EXERCISE DATA:
**********

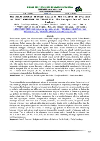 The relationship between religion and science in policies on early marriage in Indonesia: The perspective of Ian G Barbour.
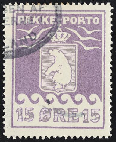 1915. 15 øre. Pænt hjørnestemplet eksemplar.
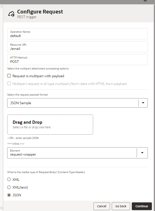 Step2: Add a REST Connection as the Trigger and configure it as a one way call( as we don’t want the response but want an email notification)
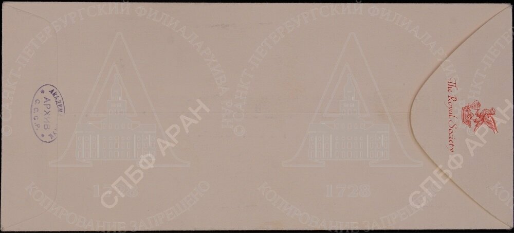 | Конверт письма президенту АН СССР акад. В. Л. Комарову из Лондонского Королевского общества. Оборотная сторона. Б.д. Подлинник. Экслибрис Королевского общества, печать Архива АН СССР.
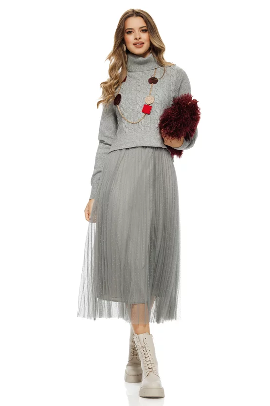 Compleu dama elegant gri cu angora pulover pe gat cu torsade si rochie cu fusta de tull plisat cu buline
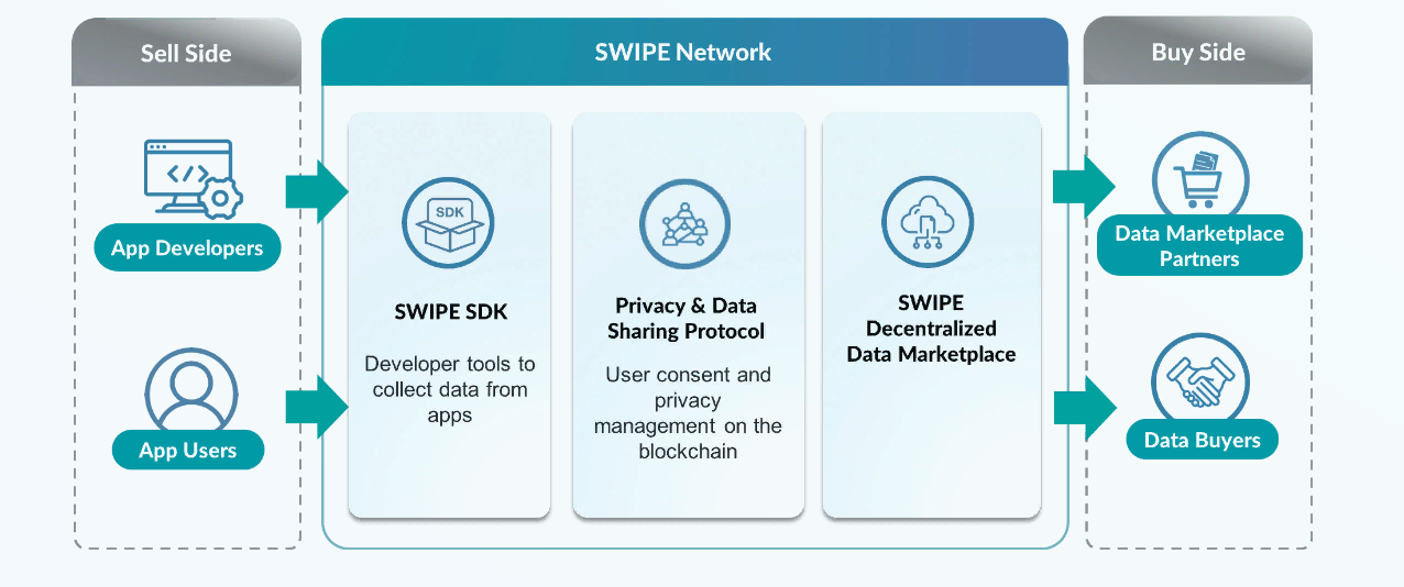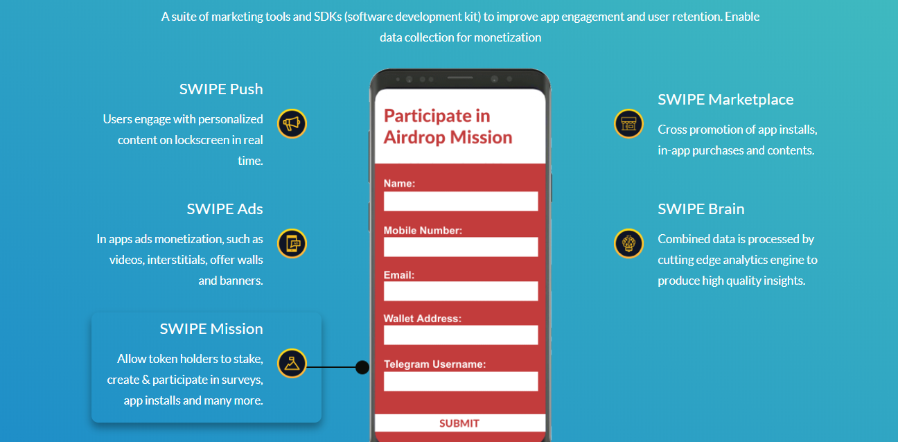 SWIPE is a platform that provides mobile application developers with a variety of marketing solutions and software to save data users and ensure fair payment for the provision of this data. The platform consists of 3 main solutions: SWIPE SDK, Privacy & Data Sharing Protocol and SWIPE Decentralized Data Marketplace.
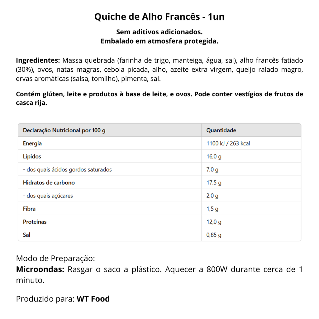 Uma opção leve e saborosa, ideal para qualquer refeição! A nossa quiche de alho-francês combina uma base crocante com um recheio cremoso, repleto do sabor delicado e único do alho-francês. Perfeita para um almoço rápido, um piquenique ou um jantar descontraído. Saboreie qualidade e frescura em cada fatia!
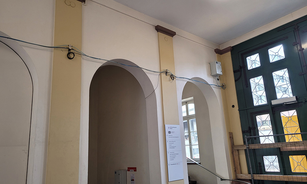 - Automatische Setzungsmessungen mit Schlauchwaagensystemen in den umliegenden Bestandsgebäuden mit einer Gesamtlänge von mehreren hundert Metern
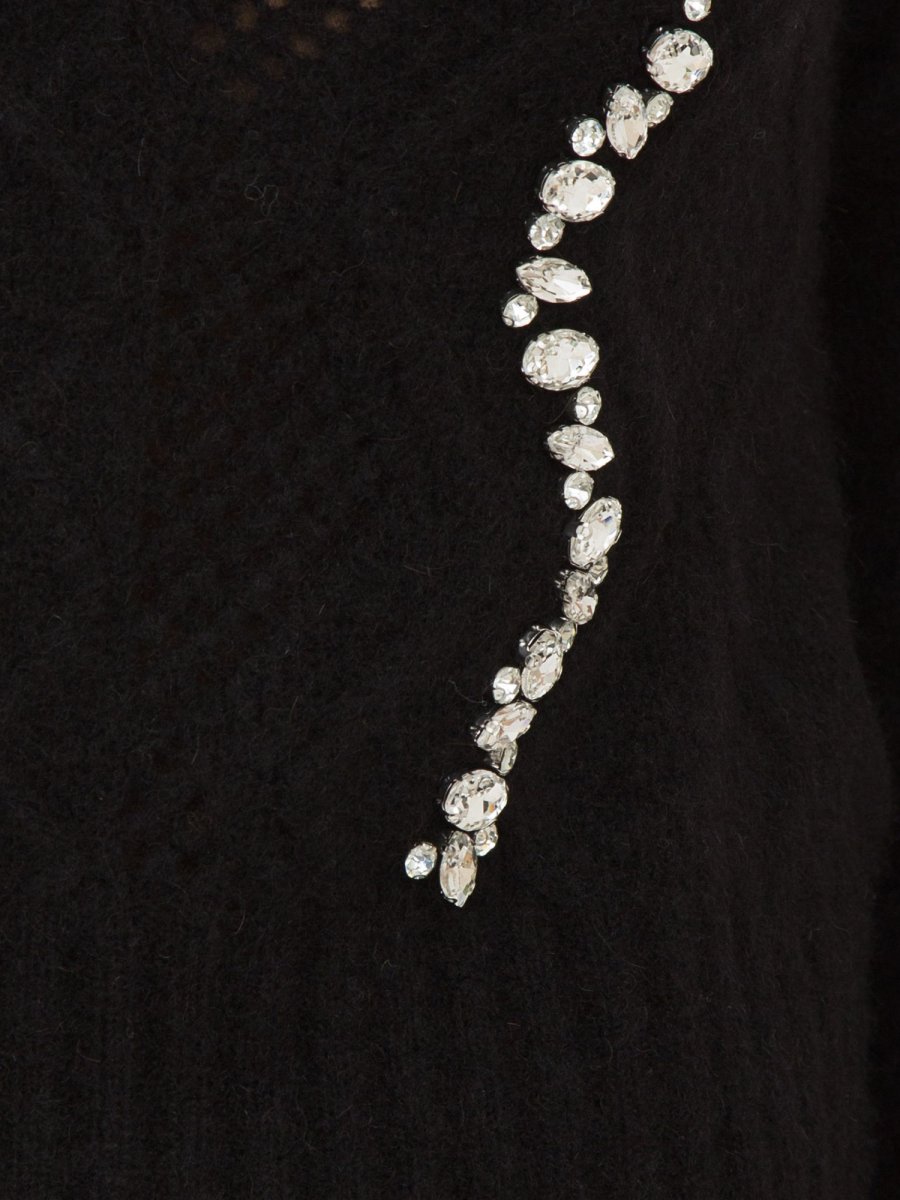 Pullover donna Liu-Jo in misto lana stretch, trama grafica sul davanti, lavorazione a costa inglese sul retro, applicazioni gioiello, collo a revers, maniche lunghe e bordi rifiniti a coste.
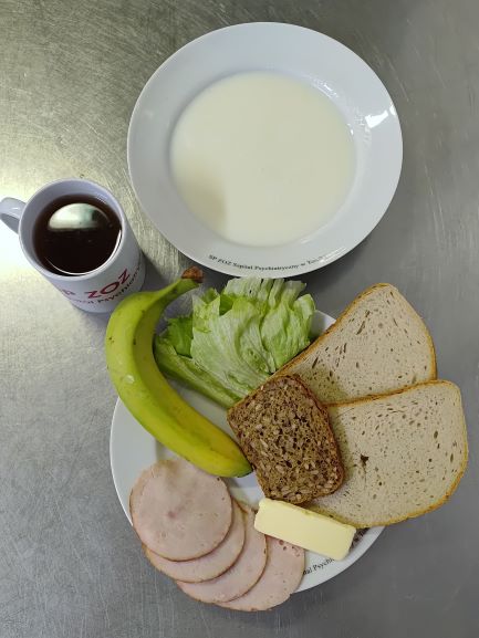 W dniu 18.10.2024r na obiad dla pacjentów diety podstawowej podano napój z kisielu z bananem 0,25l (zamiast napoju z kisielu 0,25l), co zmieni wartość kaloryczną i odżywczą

**********

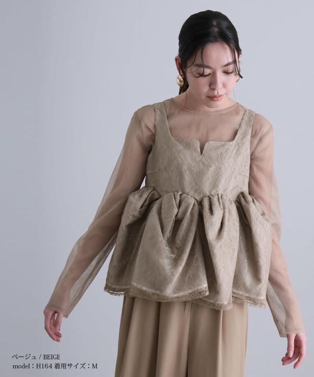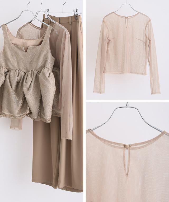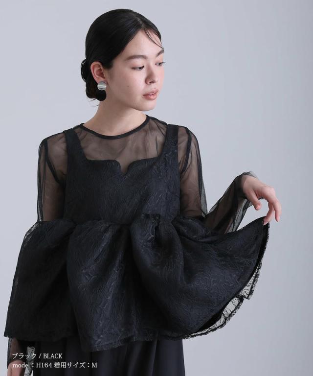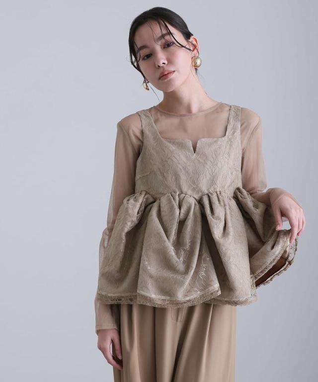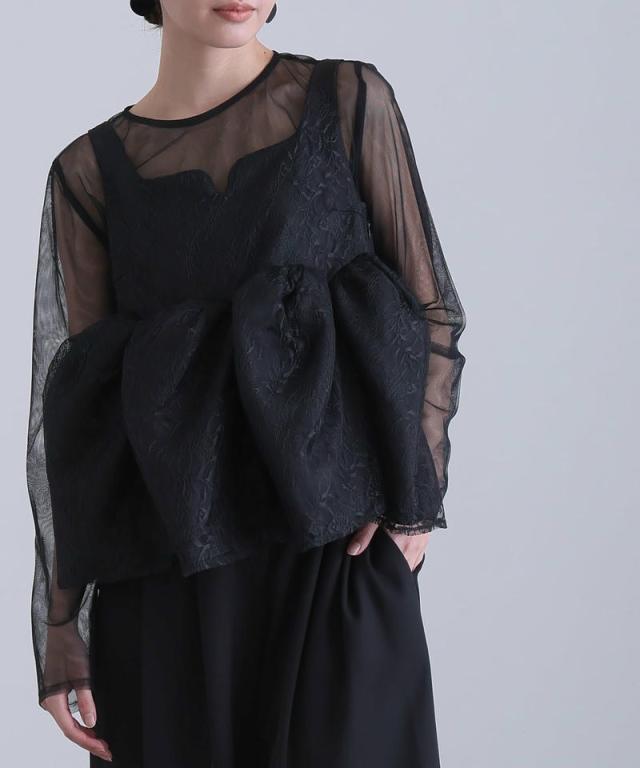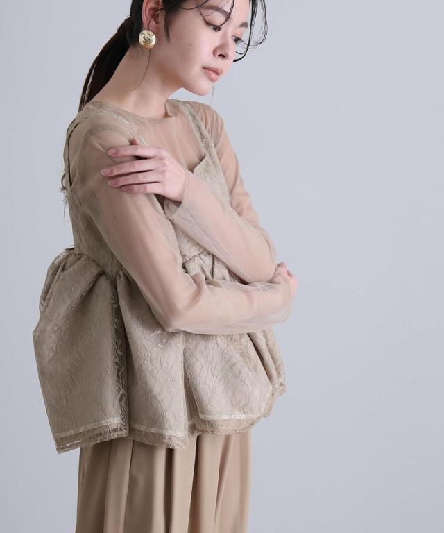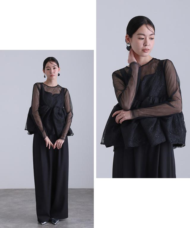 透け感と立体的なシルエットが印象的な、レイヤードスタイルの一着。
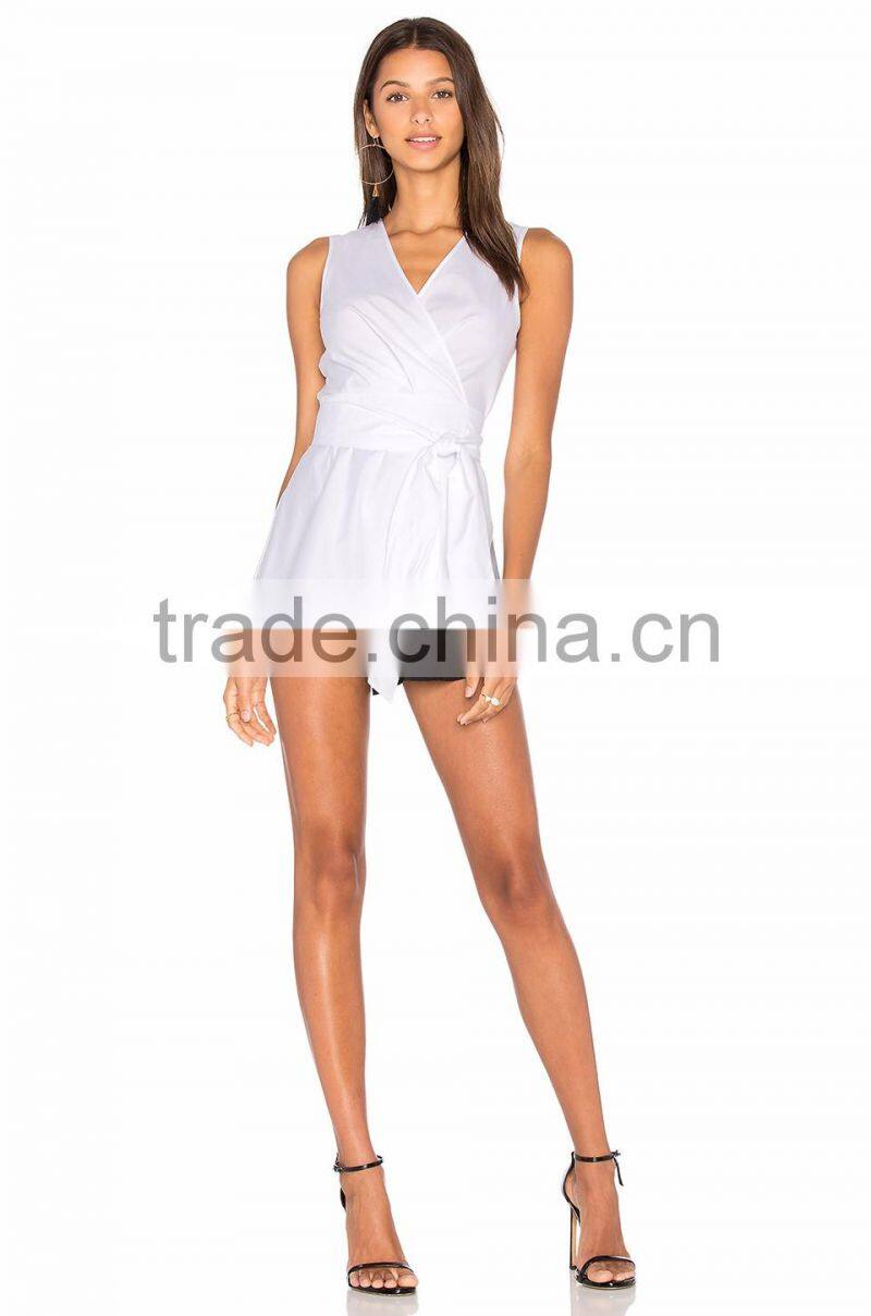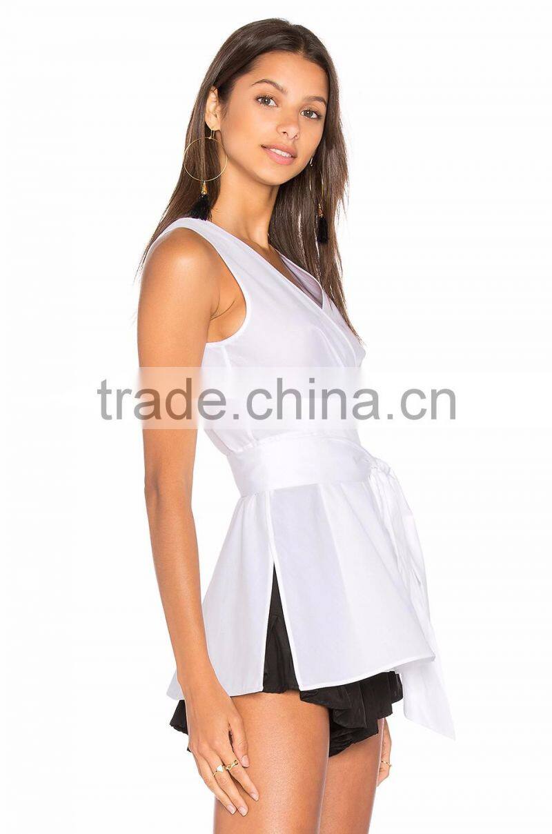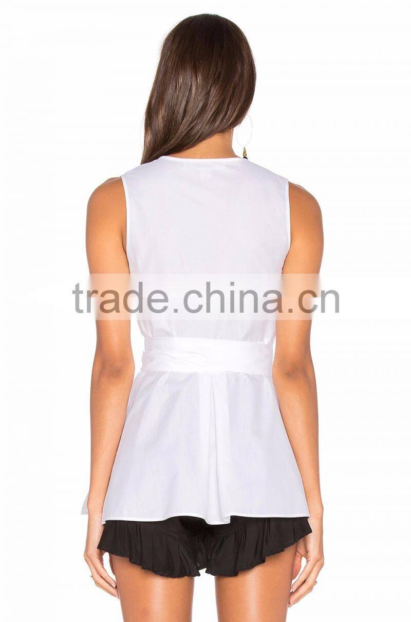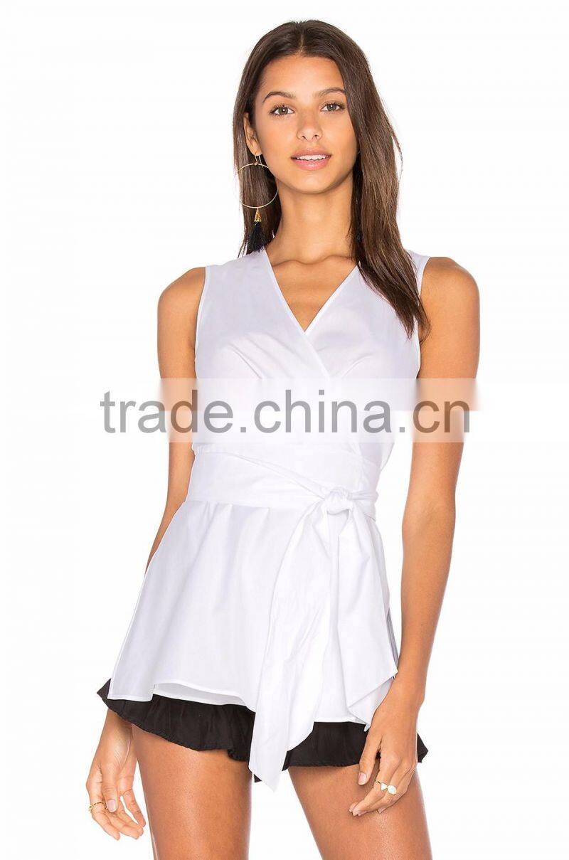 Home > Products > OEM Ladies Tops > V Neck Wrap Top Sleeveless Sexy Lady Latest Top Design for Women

**********

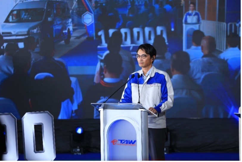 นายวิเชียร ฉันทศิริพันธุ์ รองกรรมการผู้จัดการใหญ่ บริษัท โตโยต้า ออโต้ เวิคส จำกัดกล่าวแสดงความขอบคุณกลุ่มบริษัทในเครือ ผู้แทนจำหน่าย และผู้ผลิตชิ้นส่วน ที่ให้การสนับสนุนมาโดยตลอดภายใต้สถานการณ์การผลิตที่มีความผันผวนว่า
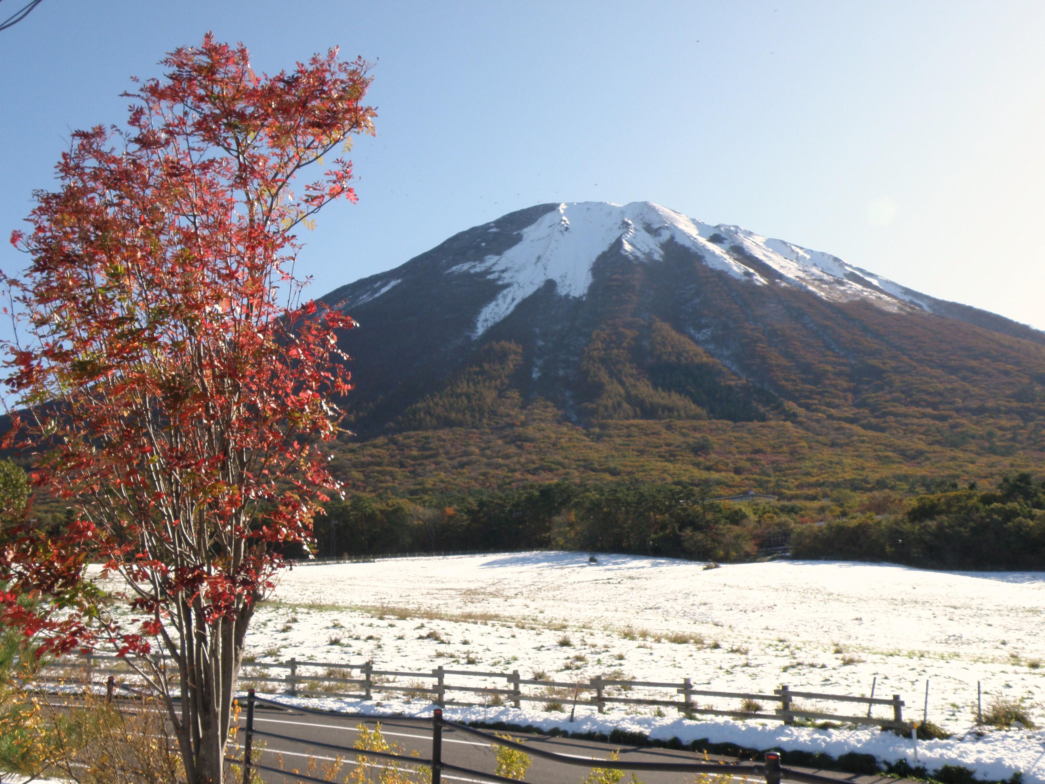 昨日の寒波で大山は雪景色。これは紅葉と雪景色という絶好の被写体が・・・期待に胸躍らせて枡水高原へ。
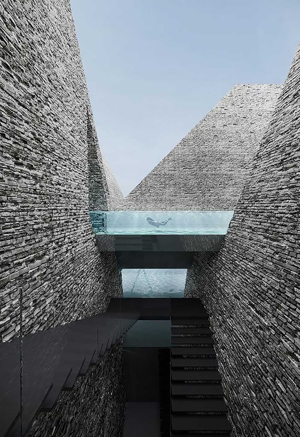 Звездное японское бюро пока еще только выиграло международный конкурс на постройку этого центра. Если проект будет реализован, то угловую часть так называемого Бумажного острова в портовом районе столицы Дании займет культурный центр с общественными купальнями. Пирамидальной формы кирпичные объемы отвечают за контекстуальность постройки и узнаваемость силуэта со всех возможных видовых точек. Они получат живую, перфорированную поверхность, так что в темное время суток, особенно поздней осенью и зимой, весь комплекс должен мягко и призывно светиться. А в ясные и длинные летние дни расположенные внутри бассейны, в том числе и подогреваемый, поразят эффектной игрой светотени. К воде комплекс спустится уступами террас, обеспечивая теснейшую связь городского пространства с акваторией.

**********

DESCRIPTION OF THE TASK:
Using the data above, print only the lines starting at the one with "นายวิเชียร ฉันทศิริพันธุ์ รองกรรมการผู้จัดการใหญ่" and ending at the one with "昨日の寒波で大山は雪景色。こ", exactly as they stand, minus the pictures.

EXPECTED OUTPUT:
 นายวิเชียร ฉันทศิริพันธุ์ รองกรรมการผู้จัดการใหญ่ บริษัท โตโยต้า ออโต้ เวิคส จำกัดกล่าวแสดงความขอบคุณกลุ่มบริษัทในเครือ ผู้แทนจำหน่าย และผู้ผลิตชิ้นส่วน ที่ให้การสนับสนุนมาโดยตลอดภายใต้สถานการณ์การผลิตที่มีความผันผวนว่า
 昨日の寒波で大山は雪景色。これは紅葉と雪景色という絶好の被写体が・・・期待に胸躍らせて枡水高原へ。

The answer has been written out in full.